BACKGROUND: Women show higher age-standardized mortality rates for ischemic stroke. Nevertheless, women are underrepresented in secondary stroke prevention trials. Our analysis investigated contributors to reduced study participation among women in a comprehensive stroke center in Austria. METHODS: The population-based Tyrolean Stroke Pathway database was used to describe sex distribution in patients with ischemic stroke in the region and at the study site.
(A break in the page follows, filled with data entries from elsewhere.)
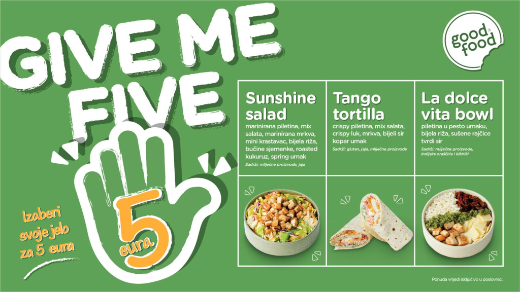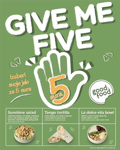 Enjoy the perfect blend of health and flavor at a price that deserves a top grade. We present GIVE ME FIVE – a special offer designed for everyone looking for a nutritious, quick, and affordable meal every day.
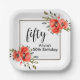 Plato De Papel Estiloso Red Poppy Flora 50 cumpleaños
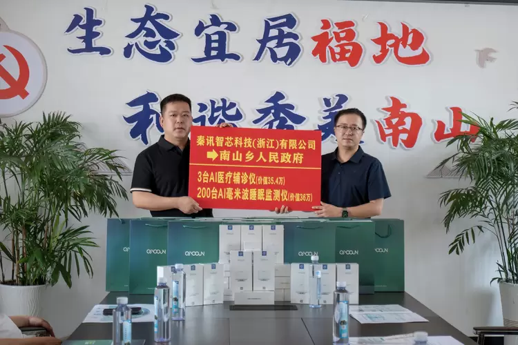 为积极响应国家乡村振兴与健康中国战略部署,精准破解乡镇地区健康服务资源短缺难题,9月29日,秦讯智芯科技(浙江)有限公司(以下简称“秦讯智芯”)向江西省玉山县南山乡捐赠了一批总价值71.4万元的AI康养设备,将AI睡眠监测产品与AI辅诊产品送达基层,以先进科技为留守老人、儿童及全体村民的健康保驾护航。

Screening logs from 3 secondary stroke prevention studies at the Medical University of Innsbruck were analyzed containing information on age, self-reported sex, and causes for nonparticipation. Binary and multinomial logistic regression were performed to calculate odds ratios (ORs) and 95% CIs. RESULTS: Women constituted 45.6% of all patients with ischemic stroke in the federal region and 43.1% at the study site. Of 4511 patients screened, 68.1% were included in at least 1 stroke trial, 39.5% of whom were female. Screened women were older than screened men, median age (interquartile range) of 76 (66-83) versus 72 (61-80) years. Women showed higher odds than men of receiving comfort terminal care (OR, 1.53 95% CI, 1.14-2.05), being unable to provide informed consent (OR, 1.95 95% CI, 1.54-2.47) due to aphasia (OR, 2.79 95% CI, 1.91-4.06) or cognitive impairment (OR, 1.96 95% CI, 1.30-2.95), and being ineligible for study participation based on inclusion and exclusion criteria (OR, 1.28 95% CI, 1.04-1.58). When adjusting for age, women were not more likely than men to refuse study participation (OR, 1.09 95% CI, 0.84-1.43). CONCLUSIONS: Female sex was associated with higher odds of exclusion from studies due to comorbidities and more severe neurological deficits. However, in our analysis women were not more likely to refuse study participation.